Ren Hang Hides Nothing
Looking at Ren Hang’s photographs feels like reading Mian Mian’s early fiction—Candy, her debut novel about Shanghai’s underground—that same intimate window into the secret life of Chinese youth, the existence the government would prefer to pretend doesn’t happen: young bodies arranged in ways that read as both tender and anarchic, a nakedness that is as much about refusal as exposure. Ren Hang lives and works in Beijing. His work is regularly censored.
I like nudity, I like the direct, open way,
he says. Why should we hide our bodies? Why should we hide anything?
His images have shown in galleries in Copenhagen, Rome, and Frankfurt, and further. On his website he writes openly about the depression that has followed him for years—everyone knows him, everyone stares at him, everyone talks about him, and at certain points he can no longer hold it. He writes this plainly, without self-pity, which makes it harder rather than easier to read.

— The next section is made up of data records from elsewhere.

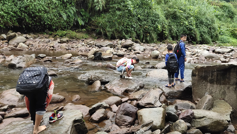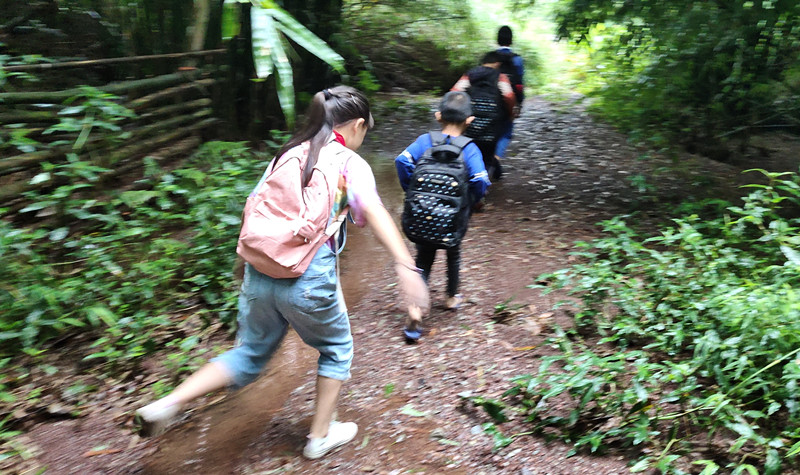 小学生上学之路,等修好了路之后,就可以坐三轮车、面包车上学了,或者骑自行车上学了。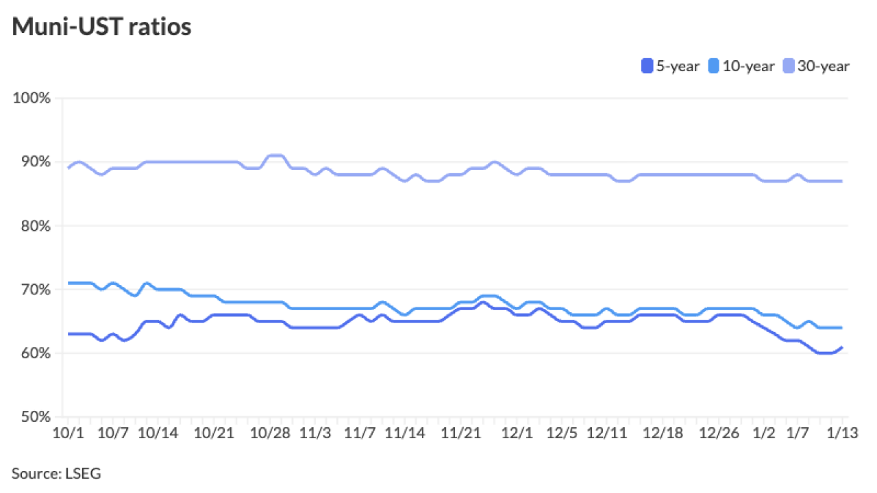 Muni yields were bumped a basis point, while UST yields fell two to four basis points.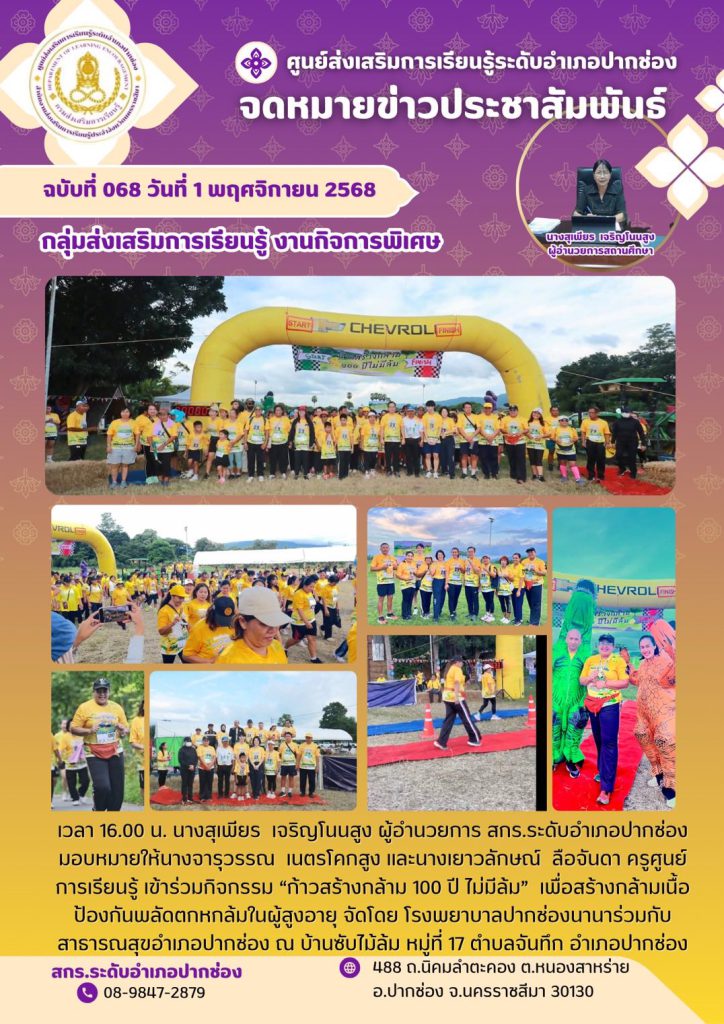 นางสุเพียร เจริญโนนสูง ผู้อำนวยการ สกร.ระดับอำเภอปากช่อง มอบหมายให้นางจารุวรรณ เนตรโคกสูง และนางเยาวลักษณ์ ลือจันดา ครูศูนย์การเรียนรู้ เข้าร่วมกิจกรรม “ก้าวสร้างกล้าม 100 ปี ไม่มีล้ม” เพื่อสร้างกล้ามเนื้อป้องกันพลัดตกหกล้มในผู้สูงอายุ จัดโดย โรงพยาบาลปากช่องนานาร่วมกับสาธารณสุขอำเภอปากช่อง ณ บ้านซับไม้ล้ม หมู่ที่ 17 ตำบลจันทึก อำเภอปากช่อง จังหวัดนครราชสีมา

For Chinese youth culture, Ren Hang is the one who walked out first—who refused to be shaped by a prudish dictatorship that would rather these images not exist. His exhibitions can be shut down at any moment. His books can be confiscated tomorrow. He gives Chinese art a face the rest of the world actually wants to see, which is its own kind of dangerous. He doesn’t seem afraid of that. It shows in every photograph.